4.3. Tracking and Reporting the Implementation of the REFIT Policy

In addition to the GHG impact assessment, this study also investigated how to improve data collection for reporting and tracking implementation of REFIT, in alignment with the requirements of the MPGs for Article 13 of the PA. MRV processes to track the progress of the implementation of the REFIT regulation need to be in place in order to assess the effectiveness of the regulation and its impacts on GHG emission reductions.

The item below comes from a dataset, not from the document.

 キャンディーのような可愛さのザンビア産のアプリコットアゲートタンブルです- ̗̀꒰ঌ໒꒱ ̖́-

However, no specific plan for MRV procedures for the REFIT is provided by the government and the timing and frequency of MRV are not specified in the REFIT regulation. Nonetheless, there are existing monitoring initiatives for the electricity sector and for climate change at the national level, such as the National Climate Change Monitoring and Evaluation System [57], that can be used for the MRV of the implementation of the REFIT.
Tracking the implementation of the REFIT consists of tracking several aspects that are relevant for monitoring its performance and is not only limited to GHG emissions. According to the MPGs, non-GHG impacts can also be reported to the UNFCCC. Tracking both GHG and non-GHG impacts is also relevant for national planning because it documents successful policies that achieve strategic goals. Transparency beyond GHG emissions is thus an important tool to demonstrate that REFIT has a measurable impact and is implemented effectively. In addition, tracking of the policy′s impact can provide the feedback required to make potential modifications to the REFIT, like recalculating the tariffs and assessing the quality of the services provided.

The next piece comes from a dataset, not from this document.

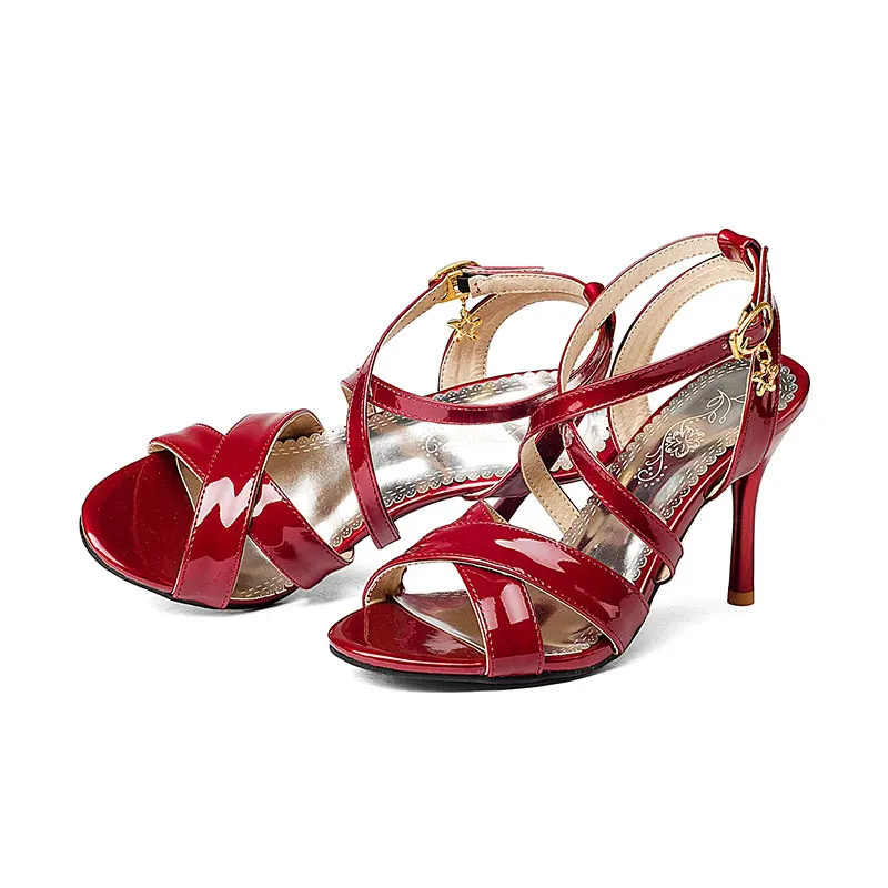 Sandale cuir verni pour femme – Rouge

4.3.1. Indicators for the MRV of the Implementation of the REFIT and of Support Received

The key performance indicators for monitoring the progress of implementation of the REFIT are presented in Table 12. They include the entity responsible for measuring the indicator and the entity that should gather the information and report it to MITADER for the compilation of biennial transparency reports (BTRs) for the UNFCCC. According to the participants of the stakeholder meetings, MIREME, through the National Directorate of Planning and Cooperation (DPC) and the National Directorate of Electricity (DNE), is responsible for monitoring and reporting the energy produced by EDM and IPPs under the REFIT regulation. The tariff levels and expenditures at the source should be monitored by the DNE, EDM, and the Energy Regulatory Authority Board (ARENE). MIREME must report the statistical data, including the biannual energy balances for the installed/planned capacity, to MITADER. The MEF, through the National Directorate of Planning and Budget (DNPO), must coordinate the planning activities and allocate and manage the budget for the implementation of the REFIT regulation. MIREME must bear the responsibility of reporting the co-benefits (sustainable development benefits), which include the number of connected households, schools, health centers, and public administrations infrastructures, as well as jobs opportunities. However, coordination among these entities is also necessary to avoid duplication of efforts by different actors. Participants from the stakeholder meetings stressed that there should be a strong mechanism to facilitate data sharing. The sectors should therefore identify a common and viable platform for making data available.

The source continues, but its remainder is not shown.